─── RECORDS ───
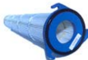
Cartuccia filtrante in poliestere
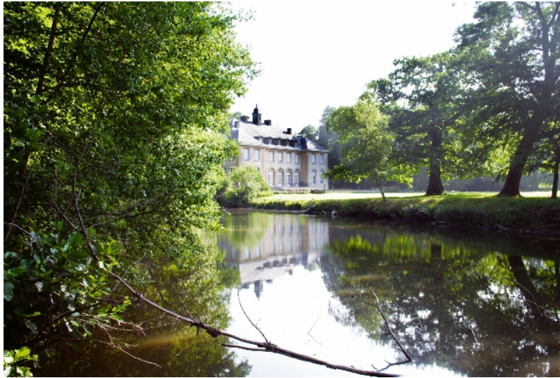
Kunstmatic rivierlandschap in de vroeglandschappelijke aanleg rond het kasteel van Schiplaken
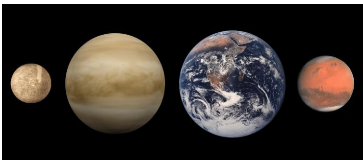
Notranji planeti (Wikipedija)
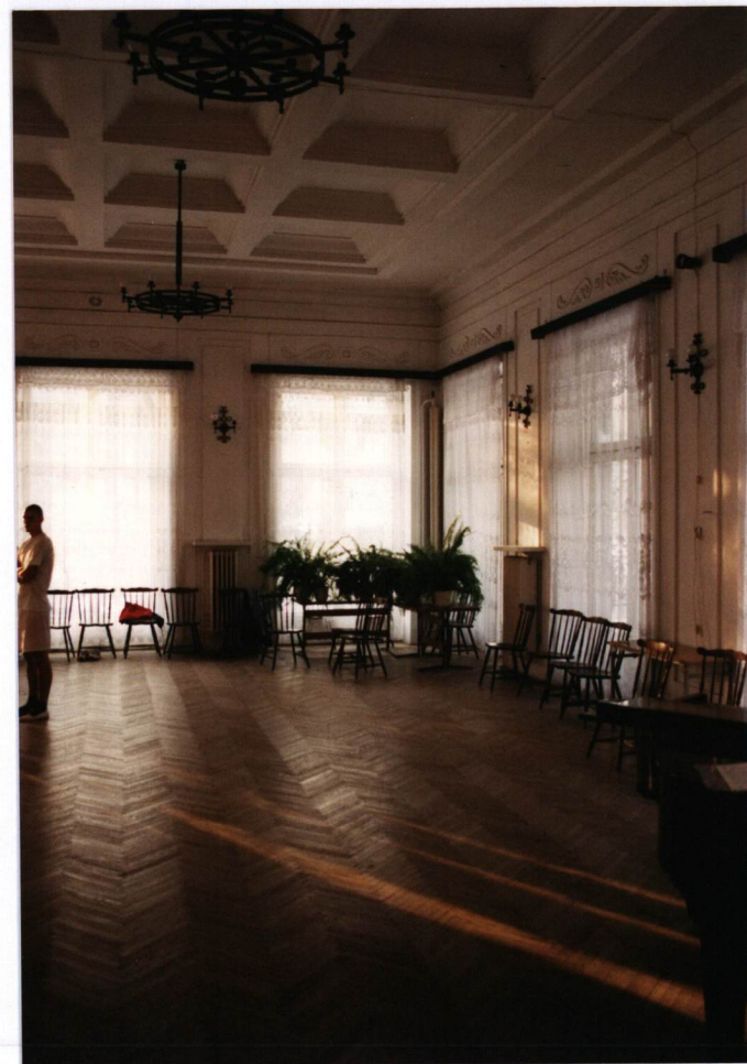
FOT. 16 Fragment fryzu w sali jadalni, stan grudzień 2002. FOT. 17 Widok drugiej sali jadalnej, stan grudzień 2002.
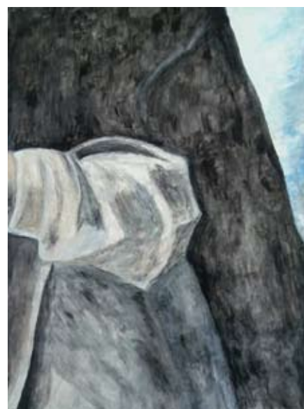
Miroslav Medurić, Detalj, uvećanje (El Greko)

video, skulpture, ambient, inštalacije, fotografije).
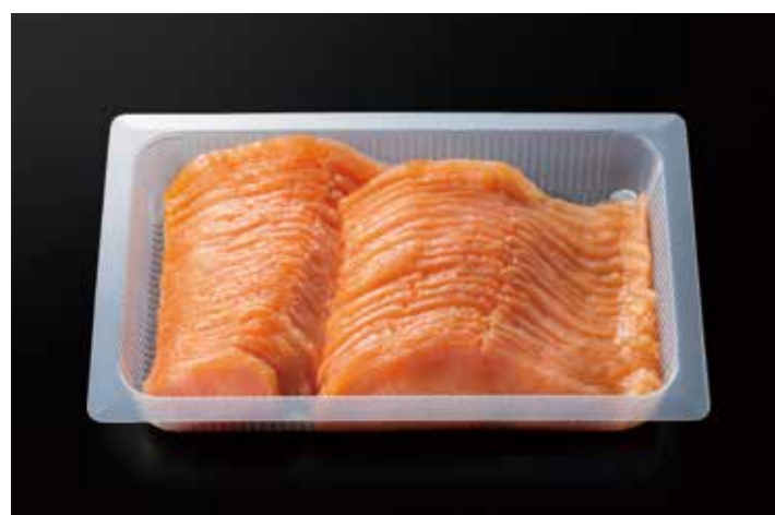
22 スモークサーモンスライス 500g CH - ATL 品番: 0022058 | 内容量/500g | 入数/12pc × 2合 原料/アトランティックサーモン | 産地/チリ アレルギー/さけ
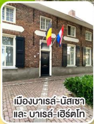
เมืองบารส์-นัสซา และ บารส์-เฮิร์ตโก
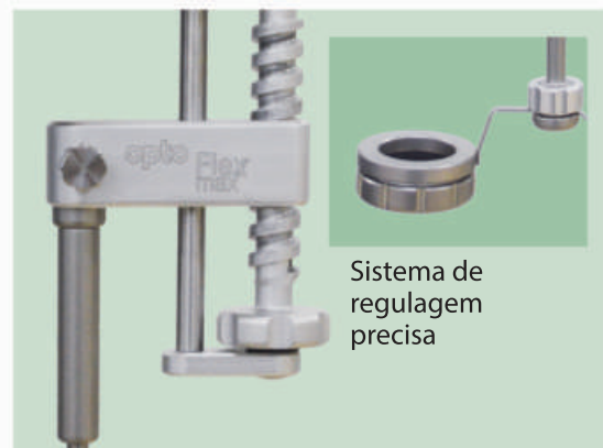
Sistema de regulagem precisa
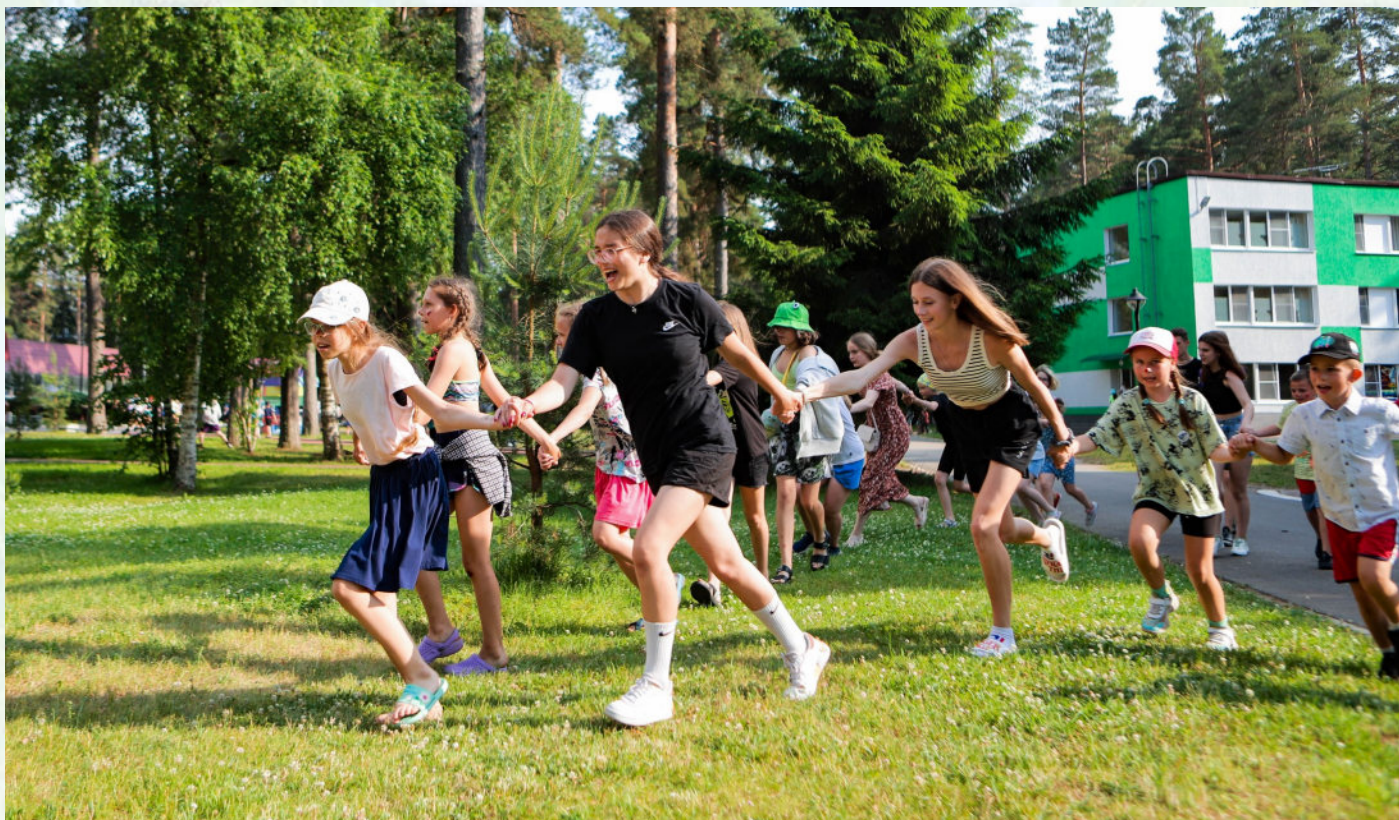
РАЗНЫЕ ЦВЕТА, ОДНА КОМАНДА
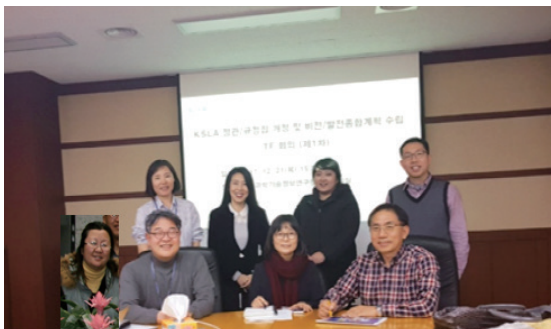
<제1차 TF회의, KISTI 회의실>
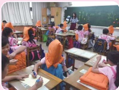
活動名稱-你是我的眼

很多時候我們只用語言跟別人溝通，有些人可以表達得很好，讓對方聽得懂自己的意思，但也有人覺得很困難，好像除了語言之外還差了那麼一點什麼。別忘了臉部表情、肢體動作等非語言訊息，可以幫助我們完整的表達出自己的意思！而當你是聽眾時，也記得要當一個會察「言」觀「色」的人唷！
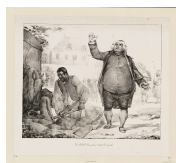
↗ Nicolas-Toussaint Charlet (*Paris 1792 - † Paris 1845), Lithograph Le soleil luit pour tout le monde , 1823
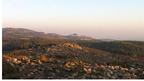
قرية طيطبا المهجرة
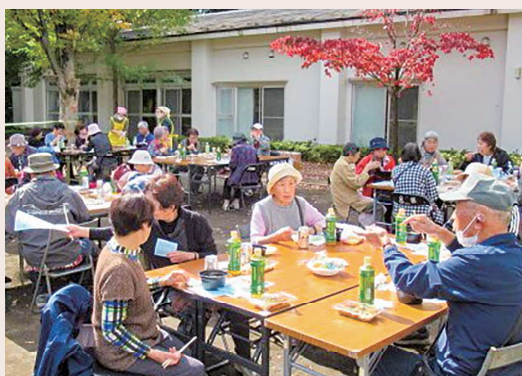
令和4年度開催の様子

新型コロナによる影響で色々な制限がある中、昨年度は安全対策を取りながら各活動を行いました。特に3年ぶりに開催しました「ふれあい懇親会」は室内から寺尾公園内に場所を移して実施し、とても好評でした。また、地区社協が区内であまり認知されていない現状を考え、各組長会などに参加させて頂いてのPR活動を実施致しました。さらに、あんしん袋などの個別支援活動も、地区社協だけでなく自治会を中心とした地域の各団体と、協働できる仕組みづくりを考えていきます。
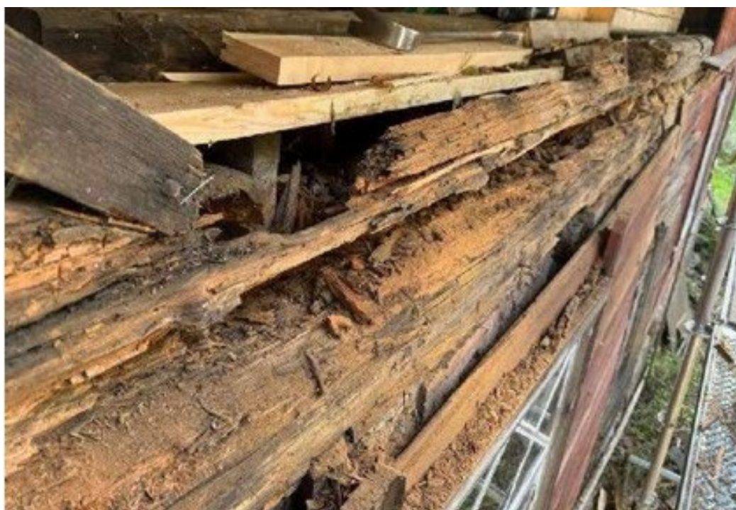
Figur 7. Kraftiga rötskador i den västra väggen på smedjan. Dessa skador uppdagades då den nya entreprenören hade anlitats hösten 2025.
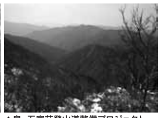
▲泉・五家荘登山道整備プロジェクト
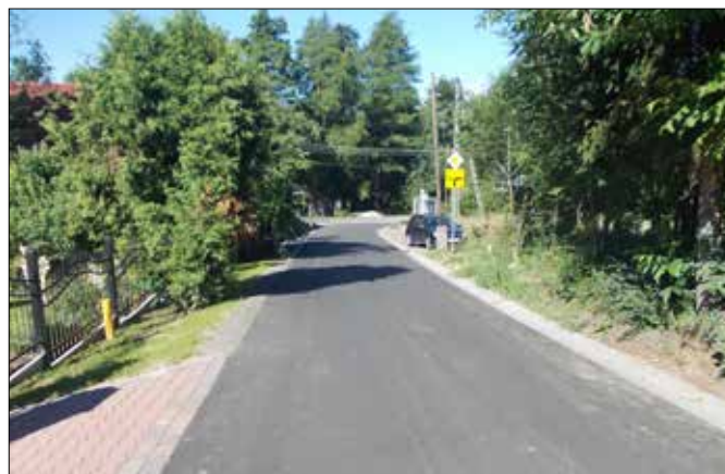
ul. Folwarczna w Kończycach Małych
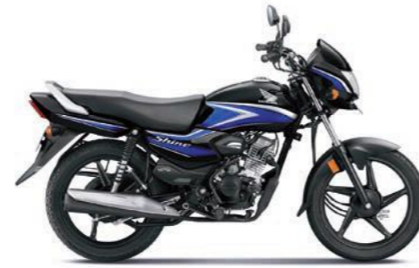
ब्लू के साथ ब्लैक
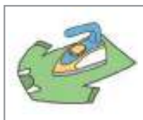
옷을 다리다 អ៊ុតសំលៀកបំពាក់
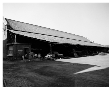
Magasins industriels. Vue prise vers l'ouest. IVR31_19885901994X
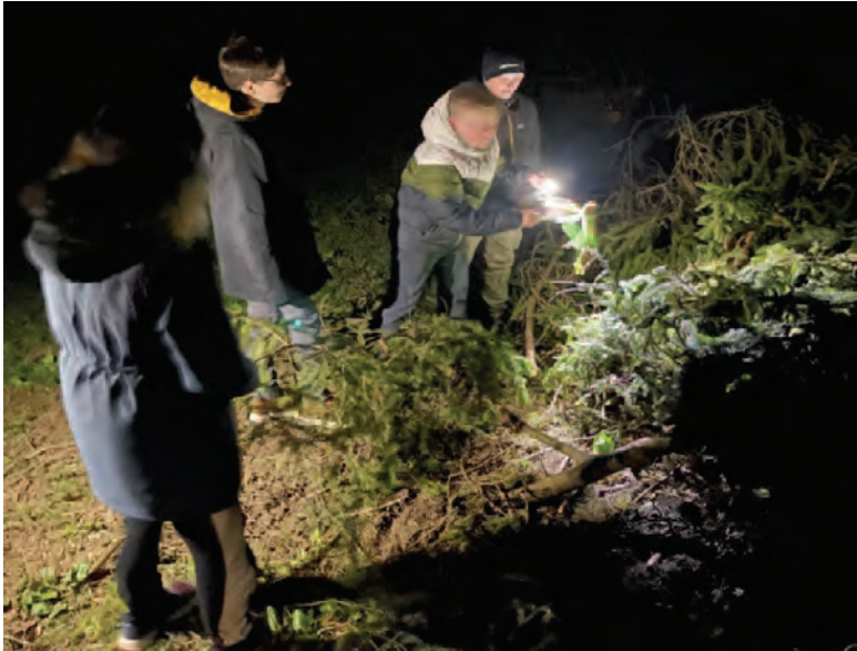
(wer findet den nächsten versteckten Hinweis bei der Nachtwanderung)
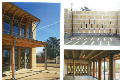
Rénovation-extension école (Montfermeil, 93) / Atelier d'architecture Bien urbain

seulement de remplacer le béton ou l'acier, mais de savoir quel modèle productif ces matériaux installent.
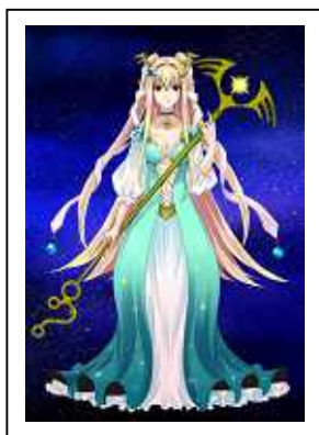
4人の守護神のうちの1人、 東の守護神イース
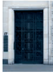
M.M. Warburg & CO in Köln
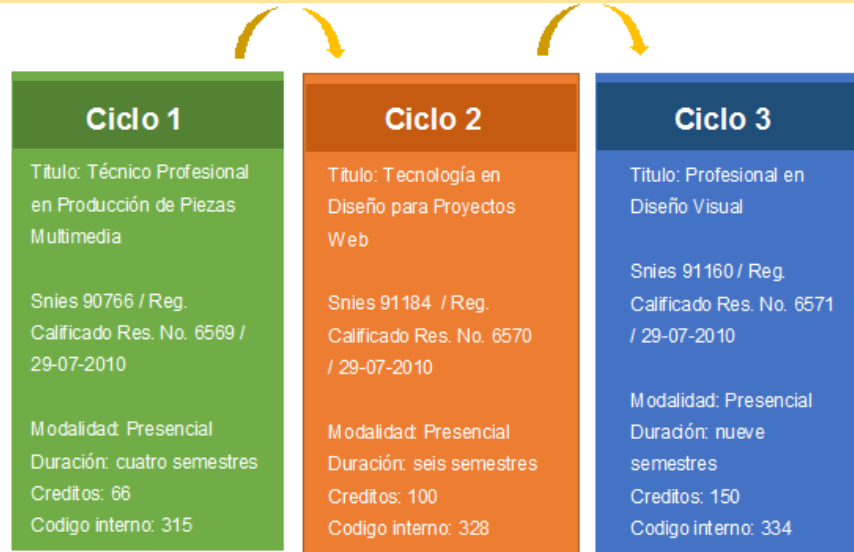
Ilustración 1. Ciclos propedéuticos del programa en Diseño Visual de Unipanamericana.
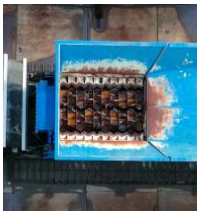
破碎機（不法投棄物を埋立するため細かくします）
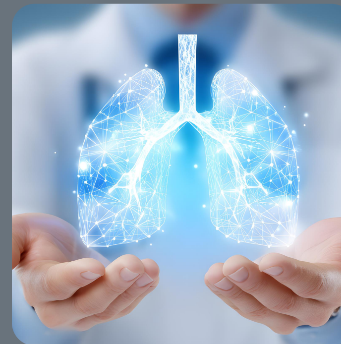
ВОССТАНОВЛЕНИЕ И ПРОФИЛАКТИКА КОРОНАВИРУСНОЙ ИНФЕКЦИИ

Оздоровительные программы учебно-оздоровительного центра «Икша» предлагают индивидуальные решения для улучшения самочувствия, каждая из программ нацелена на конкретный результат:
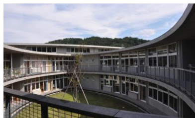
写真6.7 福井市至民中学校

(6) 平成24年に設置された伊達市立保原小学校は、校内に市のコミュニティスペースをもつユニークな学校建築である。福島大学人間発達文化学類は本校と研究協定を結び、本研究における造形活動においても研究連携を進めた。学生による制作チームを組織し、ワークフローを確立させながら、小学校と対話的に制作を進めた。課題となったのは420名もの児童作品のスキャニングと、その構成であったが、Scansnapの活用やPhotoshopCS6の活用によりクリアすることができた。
───
[ASSIGNMENT]
When you reach the line containing "เมืองบารส์-นัสซา และ บารส์-เฮิร์ตโก" in the entries above, begin restating word for word, and stop once the line containing "破碎機（不法投棄物を埋立するため細かくします）" has been given. Omit the pictures.

[SOLUTION FOR THIS EXERCISE]
เมืองบารส์-นัสซา และ บารส์-เฮิร์ตโก
Sistema de regulagem precisa
РАЗНЫЕ ЦВЕТА, ОДНА КОМАНДА
<제1차 TF회의, KISTI 회의실>
活動名稱-你是我的眼

很多時候我們只用語言跟別人溝通，有些人可以表達得很好，讓對方聽得懂自己的意思，但也有人覺得很困難，好像除了語言之外還差了那麼一點什麼。別忘了臉部表情、肢體動作等非語言訊息，可以幫助我們完整的表達出自己的意思！而當你是聽眾時，也記得要當一個會察「言」觀「色」的人唷！
↗ Nicolas-Toussaint Charlet (*Paris 1792 - † Paris 1845), Lithograph Le soleil luit pour tout le monde , 1823
قرية طيطبا المهجرة
令和4年度開催の様子

新型コロナによる影響で色々な制限がある中、昨年度は安全対策を取りながら各活動を行いました。特に3年ぶりに開催しました「ふれあい懇親会」は室内から寺尾公園内に場所を移して実施し、とても好評でした。また、地区社協が区内であまり認知されていない現状を考え、各組長会などに参加させて頂いてのPR活動を実施致しました。さらに、あんしん袋などの個別支援活動も、地区社協だけでなく自治会を中心とした地域の各団体と、協働できる仕組みづくりを考えていきます。
Figur 7. Kraftiga rötskador i den västra väggen på smedjan. Dessa skador uppdagades då den nya entreprenören hade anlitats hösten 2025.
▲泉・五家荘登山道整備プロジェクト
ul. Folwarczna w Kończycach Małych
ब्लू के साथ ब्लैक
옷을 다리다 អ៊ុតសំលៀកបំពាក់
Magasins industriels. Vue prise vers l'ouest. IVR31_19885901994X
(wer findet den nächsten versteckten Hinweis bei der Nachtwanderung)
Rénovation-extension école (Montfermeil, 93) / Atelier d'architecture Bien urbain

seulement de remplacer le béton ou l'acier, mais de savoir quel modèle productif ces matériaux installent.
4人の守護神のうちの1人、 東の守護神イース
M.M. Warburg & CO in Köln
Ilustración 1. Ciclos propedéuticos del programa en Diseño Visual de Unipanamericana.
破碎機（不法投棄物を埋立するため細かくします）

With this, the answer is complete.